Riverman came plodding up from the water, shaking himself and stepping delicately across the cracks in the mud; he crouched, jumped, and landed with a grunt on the bow of the boat, caught the bit of honeycomb she’d fetched for him and licked eagerly at it.

Behind her the Wild Magic gathered, the bubble people shifting, melding, breaking apart, their voices like the hiss of water over rocks.

“Trouble?” Riverman licked his fingers off and dug into shaggy fur which had gone brown like the water.

“It’s Reyna. It’s a week since he’s been home. The way things are…” She rubbed at her nose with the back of her hand, fought the tears that prickled at her eyes. “Tai’s worried, too, she asked around, much as she could. And Panote’s done what he could. I made my mirror, but there was the lock, that jeggin lock. And the Sibyl wouldn’t try… she said she couldn’t… is he in the River?”

“No.” Beady black eyes fixed on her. “For sure, no.”

“The Shindate… did… did the Shindate get him?”

“I don’t know. River’s my place, you have to ask the Wildings that.”

“But will they tell me?”

“Vema, Fa. If they can. They so little, maybe the gods don’t think to lock them.”
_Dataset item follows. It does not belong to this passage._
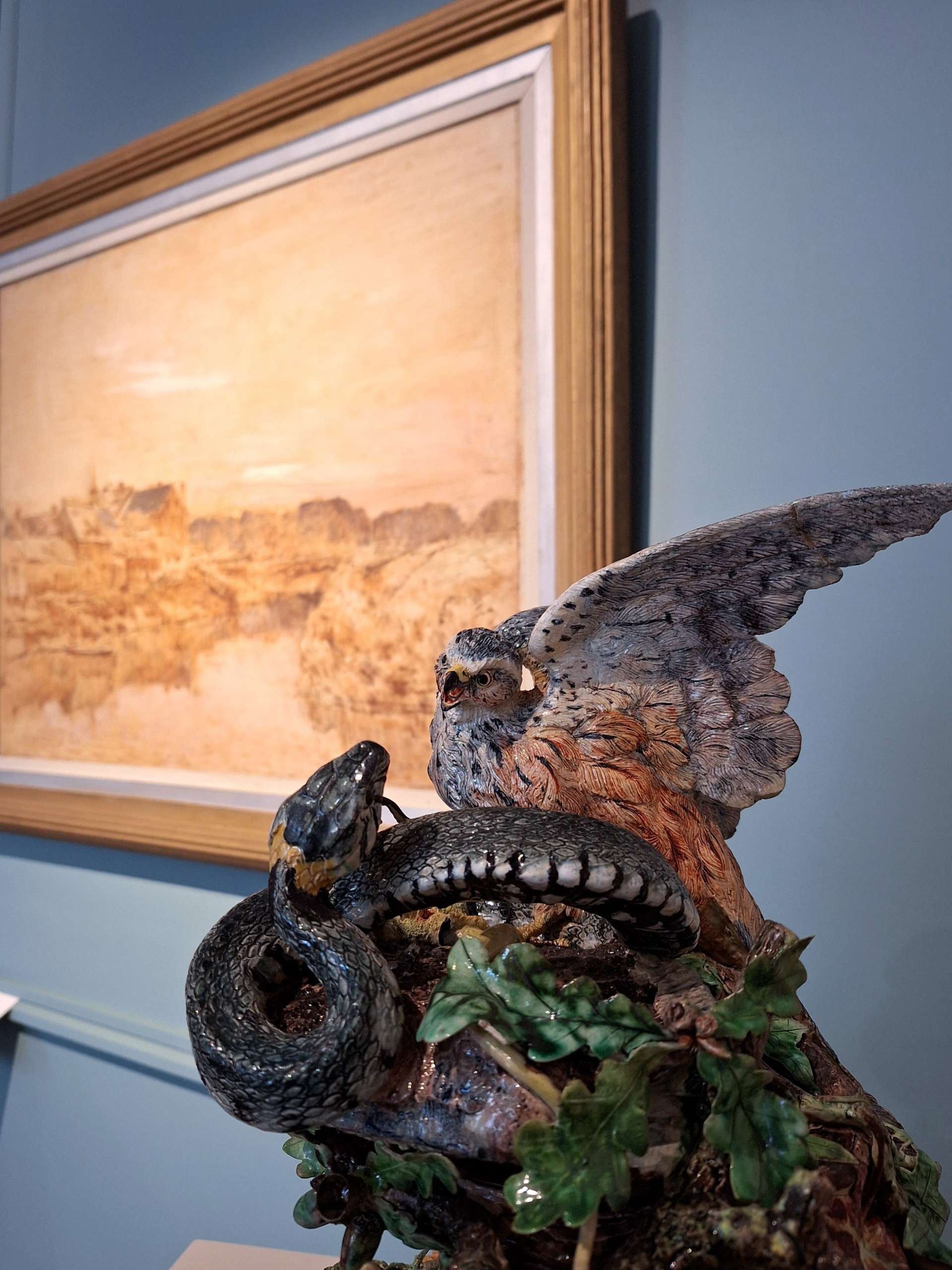 Faune de Simone Boisecq évoque la figure mythologique du demi-dieu sauvage, incarnant la fusion entre l’homme et la nature dans une sculpture aux formes abstraites. La Chute d’Icare de Marc Chagall revisite la légende antique dans un tourbillon de couleurs oniriques, où l’envol tragique du héros devient un symbole de rêve et de perte. L’Enlèvement d’André Masson, avec son style surréaliste et organique, réinterprète le thème de l’abduction mythologique en une scène troublante et mouvementée. Enfin, L’Enlèvement des Sabines de Pablo Picasso déconstruit le célèbre épisode romain dans un langage cubiste puissant, où les corps entrelacés traduisent violence et chaos.

“Ahhh.” She dropped her head on her arms; crouched there, eyes closed, until the shaking was gone. There was a rush of pops and hissing behind her, a rain of dirt grains against her as the Wild Magic oscillated restlessly. She straightened, looked around.
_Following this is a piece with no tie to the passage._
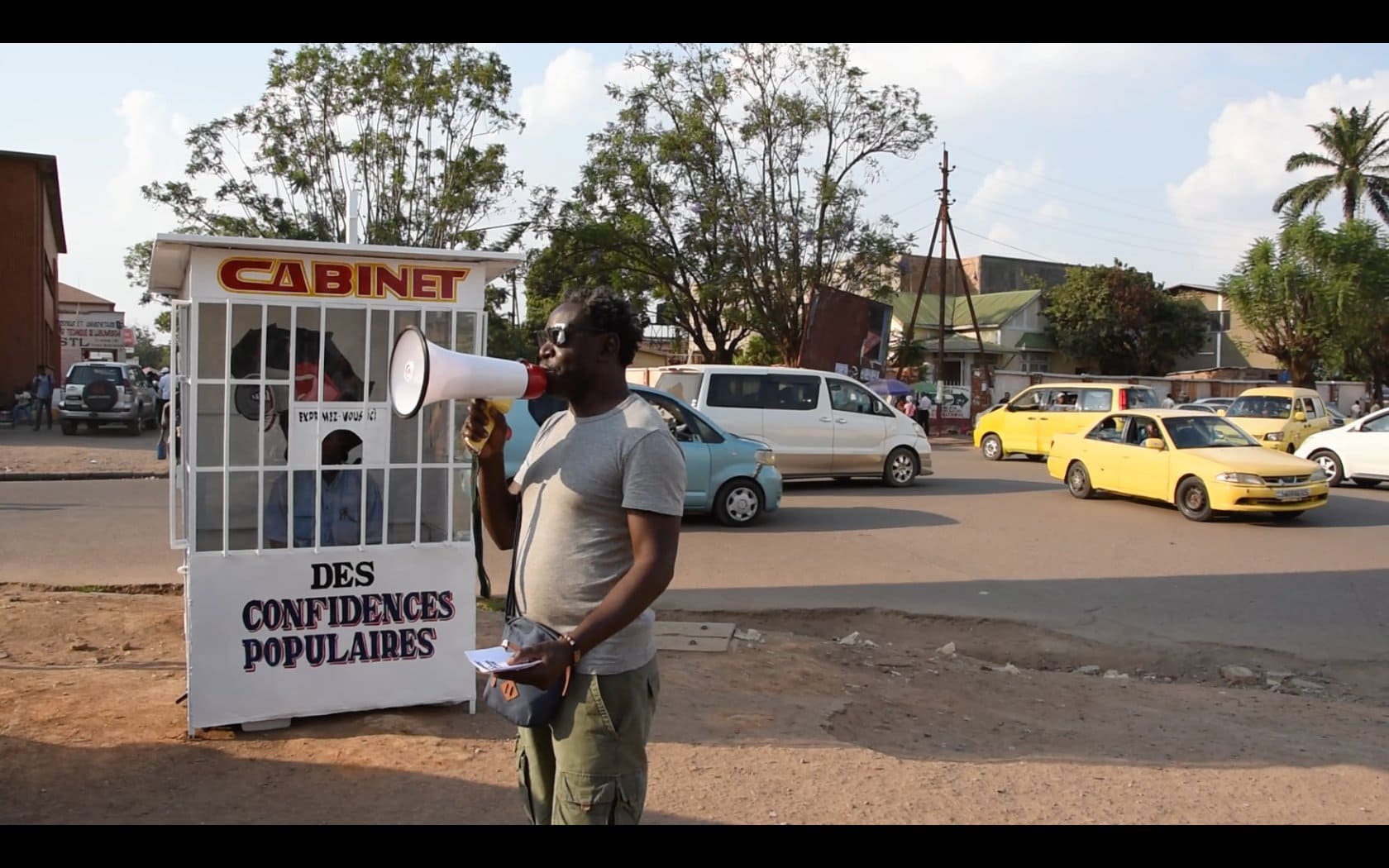 Transforming a Congolese street vending booth into a platform for popular critique, Baba-Ali reclaims this everyday object as a tool to amplify local voices. Installed across Lubumbashi’s city center, the Cabinet de confidences populaires — or Booth of Popular Confessions — gathers messages of discontent from residents through a young man seated inside, performing the role of an official clerk.

Riverman had left the boat. He was standing in the middle of the bubble people while they clustered and flowed apart, shifting like soapfoam around him. A moment more, then he whistled a short phrase and stood with his hands on his furry loins as the Wild Magic vanished into the earth. He came bounding down the fill and leapt back on the bow. “No naysaying to stop them, Fa. They’ll find him, if he’s anywhere about. He could have been taken away, you know, sent to the mines.”
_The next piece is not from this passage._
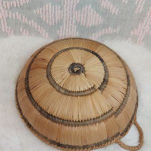 Vintage Hand Crafted African Seagrass Round Tray 11", it is in very great condition no rips or stains on it in sturdy shape.

She brushed her hands across her eyes. “The mines. I hadn’t thought… could the Wildings go that far?”

“Perhaps. It would take longer and most likely would not be useful. What could you do, girl? Gird on your armor and go rescue him?”

“I don’t know. Something.”

He broke a sliver from the boat, shredded it into dust, brushed his tiny hands off, fixed his eyes on her. “You wouldn’t be let leave the city.”

“Why?”

“There are things I can say and things I cannot.”

“You, too? That’s what the Sibyl keeps saying.”

“The constraints are the same.” He got to his feet. “Watch out for the gods, Honeychild. It was Abeyhamal brought you here and Chumavayal waits to pound you. Come back at sundown. I’ll tell you what we’ve found.” He sprang down, darted along the mud and vanished into the murky water.

She stared after him for several minutes, then shook her head and crept from under the wharf, trusting her no-see-me to keep away the eyes of the few laborers hanging listlessly about, waiting for work that wouldn’t come.